-- Items from a data source --
-=-=-

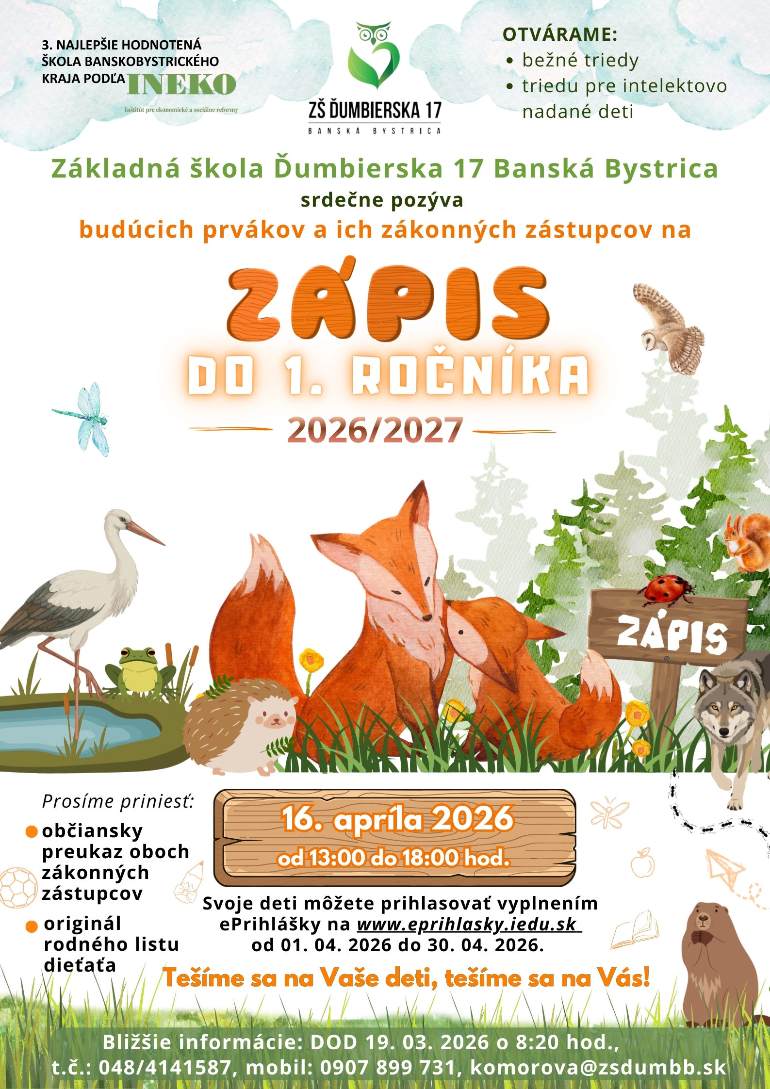 - ZŠ Ďumbierska 17 – 16. 4. 2026 od 13:00 – 18:00 hod.
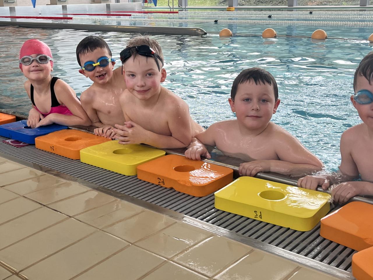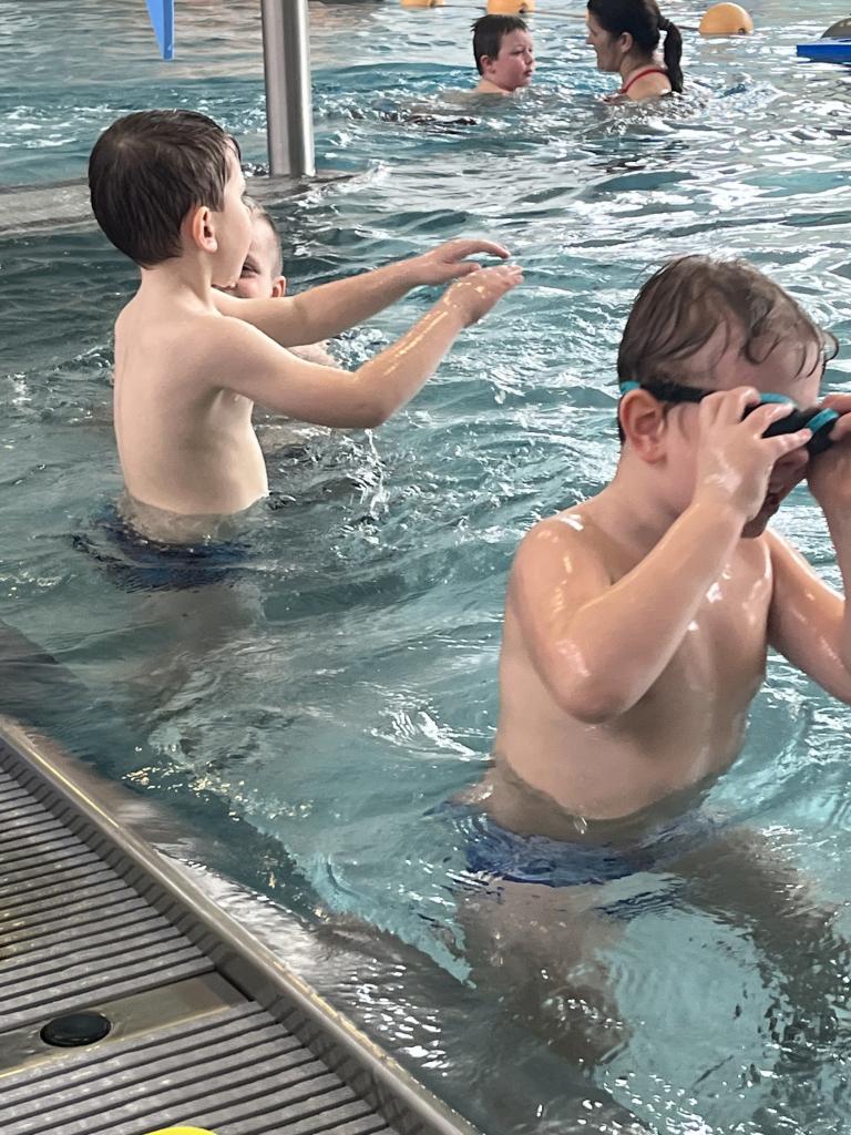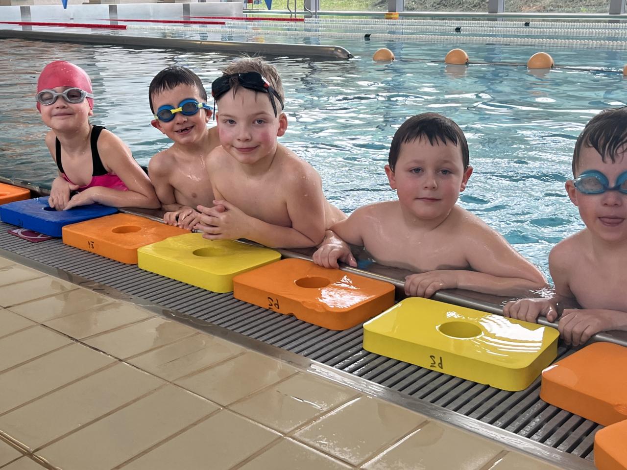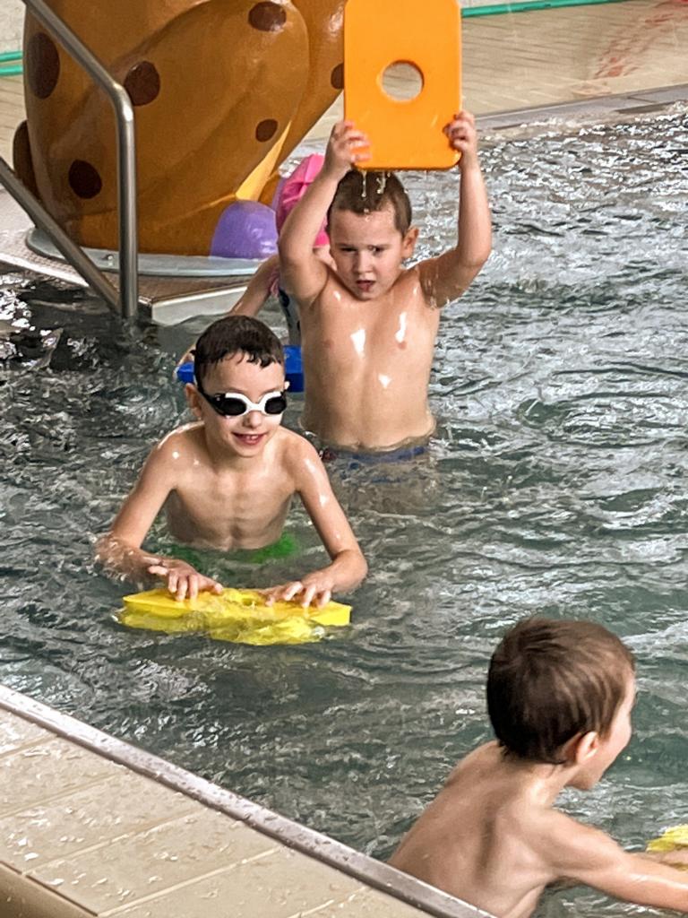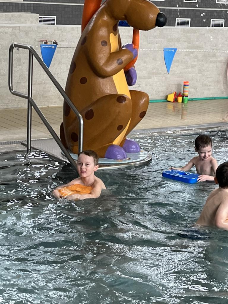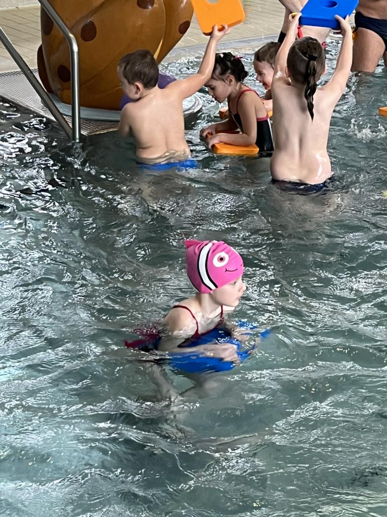 První a druhá lekce byla formou seznamování se s bezpečností při pobytu na bazéně, rozdělení do skupin podle toho, jací jsou kamarádi s vodou, jestli se jí nebojí a nevadí jim se potápět. Děti se na první lekci seznamovaly s vodou, hrály si, stříkaly se, polévaly navzájem. Na druhé lekci již dělaly věci podle toho, ve které byly skupině. Některé se s vodou seznamovaly, foukaly do ní, nosily kelímky na hlavě, v jiných skupinách již splývaly s destičkami, proplouvaly obručemi pod vodou, skákaly do hluboké vody. Na konci každé lekce si děti mohou užít klokana, ze kterého stříká voda a hrát si s vodou podle toho, jak chtějí ony samy.
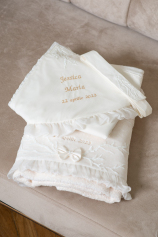 Clara - Rochie delicata din dantela cu flori, perle si trena detasabila
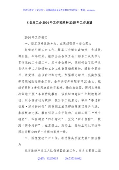/ X县总工会 2024 年工作回顾和 2025 年工作展望
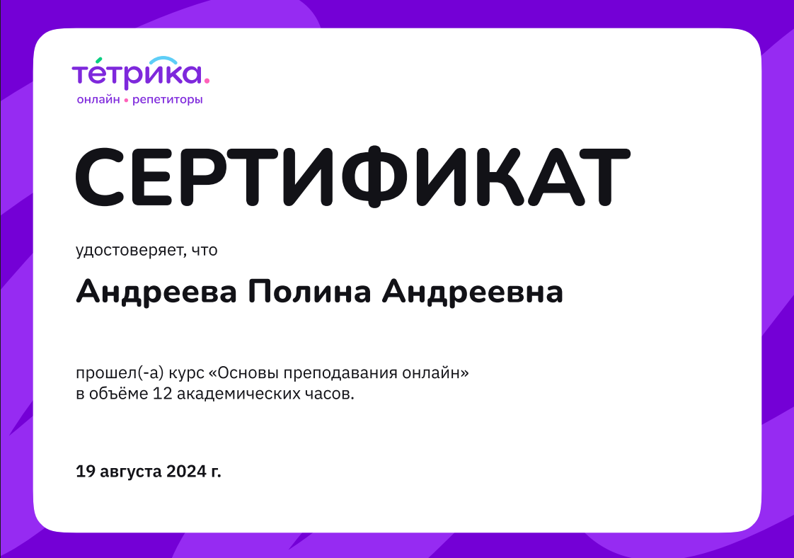 На уроках мы разбираем реальные экзаменационные ловушки, учимся быстро находить правильный алгоритм и экономить время на тесте. Я показываю не только «что учить», но и как мыслить так, чтобы получить высокий балл. Использую интерактивные методики (разбор реальных заданий, образовательные игры и лайфхаки) Помощь в развитии уверенности и снятии стресса перед экзаменами....
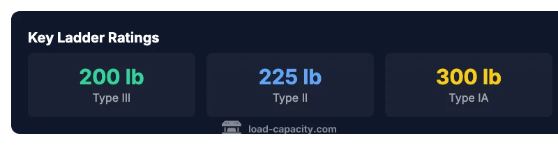 Ladders have duty categories from Type III up to IAA, with higher numbers meaning higher load capacity. Check the model's label for the exact figure.
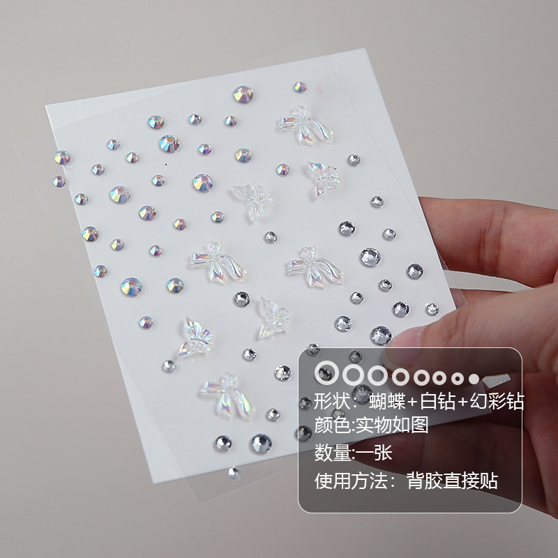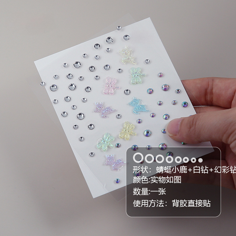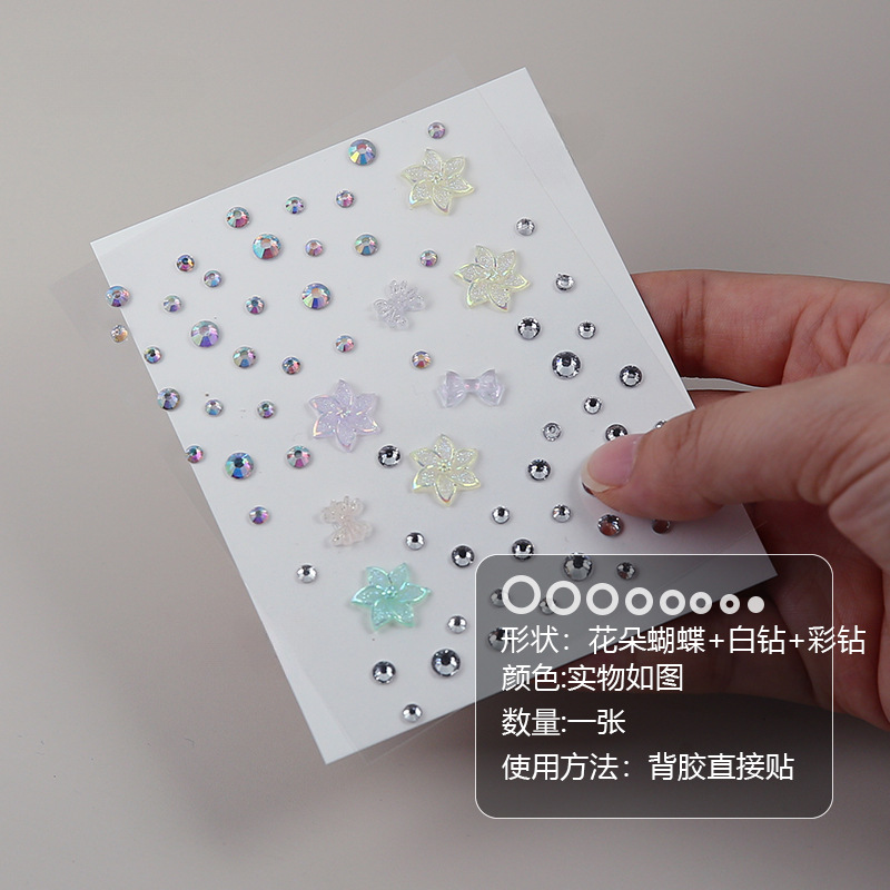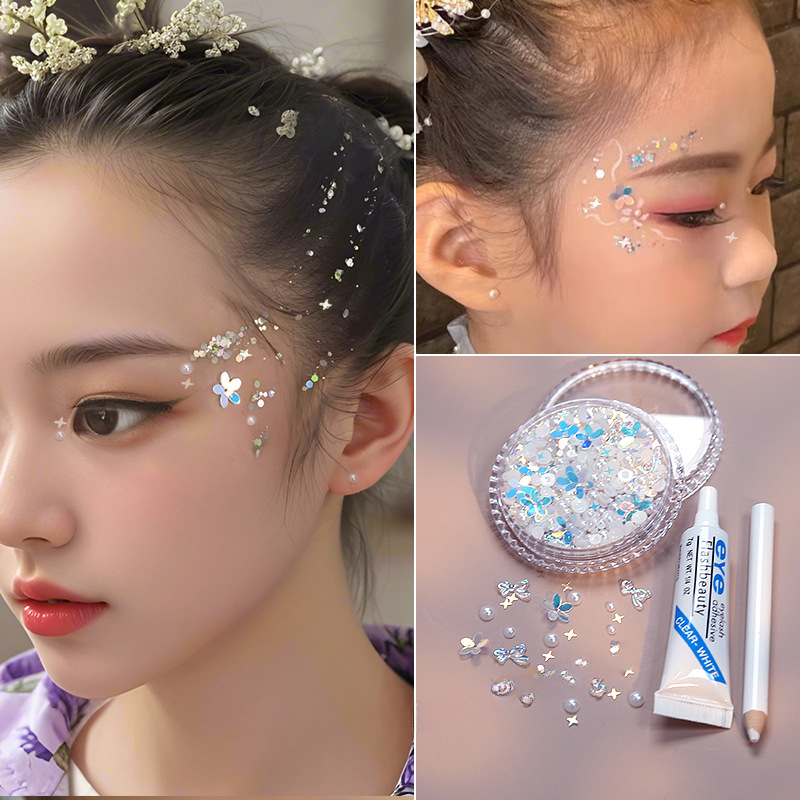 어린이 공연 얼굴 장식품 진주 라인스톤 나비 꽃 얼굴 스티커 장식 자체 접착식 접착제 없음스토어 가기
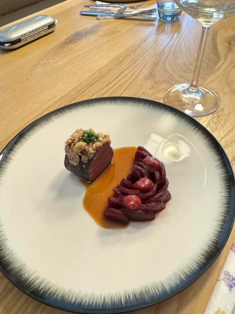 Rehrücken mit Haselnusskruste und eingelegter Rote Rübe
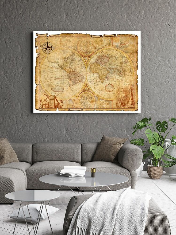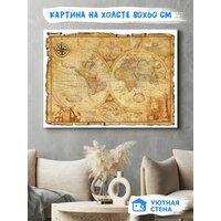 Картина на натуральном холсте Уютная стена «Старая карта с рваными краями» 80х60 см: сравнение цен, характеристики, фото, актуальное наличие и цены.
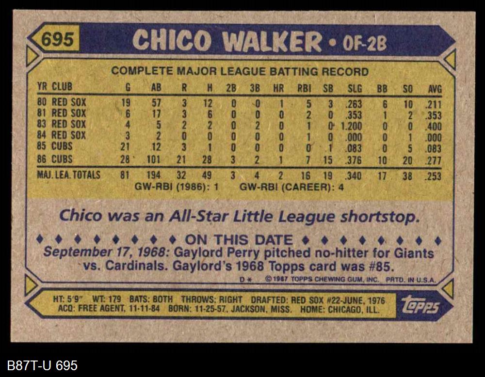 1987 Topps #695 Chico Walker

-=-=-

Repeat exactly the lines from the start of the entries down to the line with "어린이 공연 얼굴 장식품", keeping both ends but none of the pictures.

 - ZŠ Ďumbierska 17 – 16. 4. 2026 od 13:00 – 18:00 hod.
 První a druhá lekce byla formou seznamování se s bezpečností při pobytu na bazéně, rozdělení do skupin podle toho, jací jsou kamarádi s vodou, jestli se jí nebojí a nevadí jim se potápět. Děti se na první lekci seznamovaly s vodou, hrály si, stříkaly se, polévaly navzájem. Na druhé lekci již dělaly věci podle toho, ve které byly skupině. Některé se s vodou seznamovaly, foukaly do ní, nosily kelímky na hlavě, v jiných skupinách již splývaly s destičkami, proplouvaly obručemi pod vodou, skákaly do hluboké vody. Na konci každé lekce si děti mohou užít klokana, ze kterého stříká voda a hrát si s vodou podle toho, jak chtějí ony samy.
 Clara - Rochie delicata din dantela cu flori, perle si trena detasabila
/ X县总工会 2024 年工作回顾和 2025 年工作展望
 На уроках мы разбираем реальные экзаменационные ловушки, учимся быстро находить правильный алгоритм и экономить время на тесте. Я показываю не только «что учить», но и как мыслить так, чтобы получить высокий балл. Использую интерактивные методики (разбор реальных заданий, образовательные игры и лайфхаки) Помощь в развитии уверенности и снятии стресса перед экзаменами....
 Ladders have duty categories from Type III up to IAA, with higher numbers meaning higher load capacity. Check the model's label for the exact figure.
 어린이 공연 얼굴 장식품 진주 라인스톤 나비 꽃 얼굴 스티커 장식 자체 접착식 접착제 없음스토어 가기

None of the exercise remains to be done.